As the Royal Canadian Air Force’s frontline multi-role fighter, the modernized CF-18 is used for air defence, air superiority, tactical support, training, aerobatic demonstration, and aerospace testing and evaluation.
The CF-18 has recently been put through a two-phase modernization program, a comprehensive mid-life upgrade to ensure that the Canadian Forces have a modern and interoperable fighter fleet until at least the 2020 timeframe.
Phase I of the Incremental Modernization Project was completed in 2006. This first phase of the CF-18 modernization project included among others, the procurement and installation of a new radar, jam-resistant radios, mission computers and embedded global positioning systems.

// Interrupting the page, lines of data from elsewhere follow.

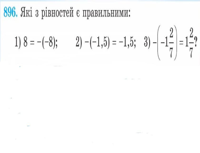Правильними є рівності : 1) 8 = - (- 8 ) і 3) - (- 1 2/7 ) = 1 2/7 .
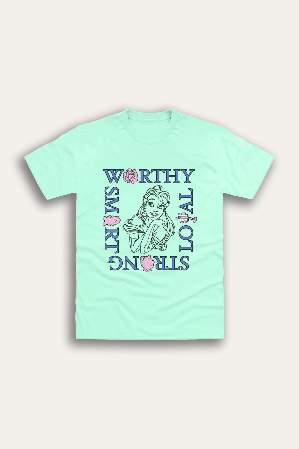 Step into confidence and grace with this Disney Princess Belle Ladies' Mint T-Shirt, celebrating Belle’s strength, intelligence, and loyalty. The chic, inspirational print showcases an elegant sketch of Belle surrounded by the words "Worthy, Strong, Smart, Loyal", making this a perfect pick for Disney fans who admire her courage and wisdom.
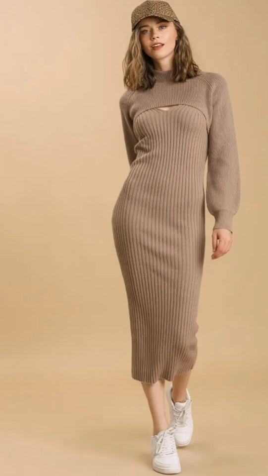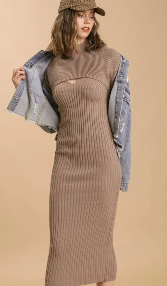 Knit V-Neck Maxi Dress with Cropped Pullover Sweater
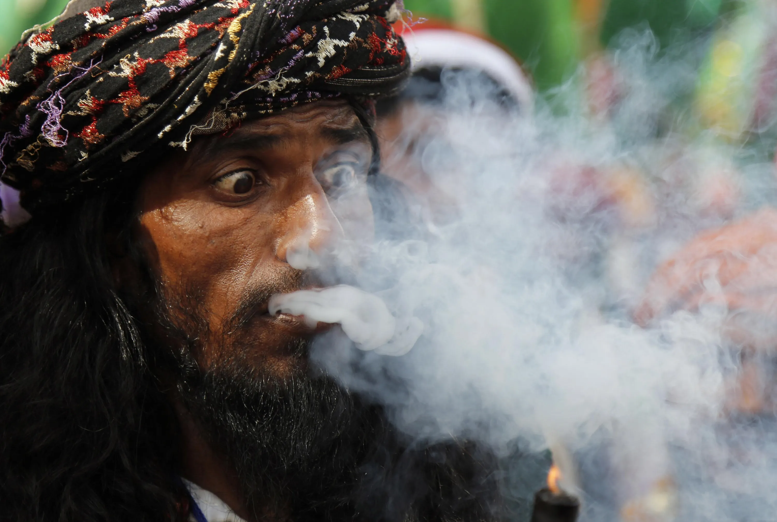 An Indian Muslim Sufi devotee smokes marijuana in a procession during the Urs festival at the shrine of Sufi saint Khwaja Moinuddin Chishti in Ajmer, India, Sunday, April 19, 2015. Thousands of Sufi devotees from different parts of India travel to the shrine for the annual festival, marking the death anniversary of the saint. (Photo by Deepak Sharma/AP Photo)
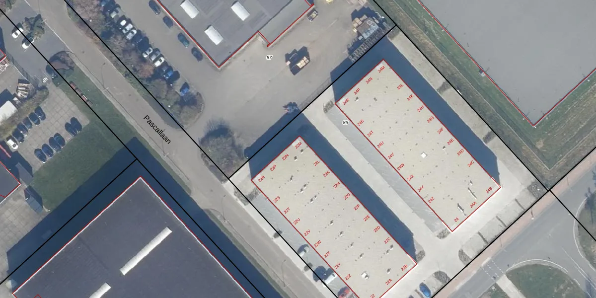 Pascallaan 22-M is gelegen op kadastraal perceel LLS00B86. Deze kadastrale aanduiding is uniek en wordt gebruikt door het Kadaster om eigendomsrechten en andere zakelijke rechten vast te leggen. Het perceel maakt onderdeel uit van de kadastrale gemeente Lelystad.

Phase II of the Incremental Modernization Project, which was finished in 2010, included the installation and integration of a tactical data link system, helmet cueing system, colour displays, upgraded countermeasures dispensers, and a triple-deck cockpit video recorder, among outfitting the CF-18s with other technologically advanced equipment.
In addition to the two modernization phases for CF-18 aircraft, other CF-18 projects are either completed or ongoing to align the CF-18 aircraft with a fully integrated air capability thus increasing Air Force interoperability with our allies as well as our ability to respond to threats to North America.
Because of its superior power and speed, and its exceptional tracking capabilities, the CF-18 has had great success in many military operations in Canada and around the world.
Canada's first operational deployment of the CF-18 took place during the Gulf War, when Canada sent 24 CF-18s to Qatar to participate in the American-led Desert Shield and Desert Storm campaigns. Similarly, Canada deployed 18 CF-18s to Italy to take part in the Kosovo campaign in 1999.
Since the September 11 terrorist attacks, Canada’s fighter force is committed to protecting North America from future threats. As part of Operation Noble Eagle, NORAD’s mission to safeguard North American skies, CF-18s maintain a constant state of alert, ready to respond immediately to potential threats to continental security.
CF-18s were heard over the skies of British Columbia, where they provided around the clock support to the 2010 Olympic Games. In 2011, they played a vital role during Op Mobile, as part of a NATO-led effort to enforce an arms embargo and no-fly zone to protect civilians in Libya in support of the United Nations Security Council Resolutions 1970 and 1973. Seven CF-18s made up Task Force Libeccio, conducting 946 sorties, ten percent of NATO strike sorties, and dropping 696 bombs of various types to engage military assets threatening the civilian population.
Due to the modernisation of the fleet completed in 2010, our CF-18s will remain viable into the early part of the next decade when Canada’s next generation fighter capability becomes operational.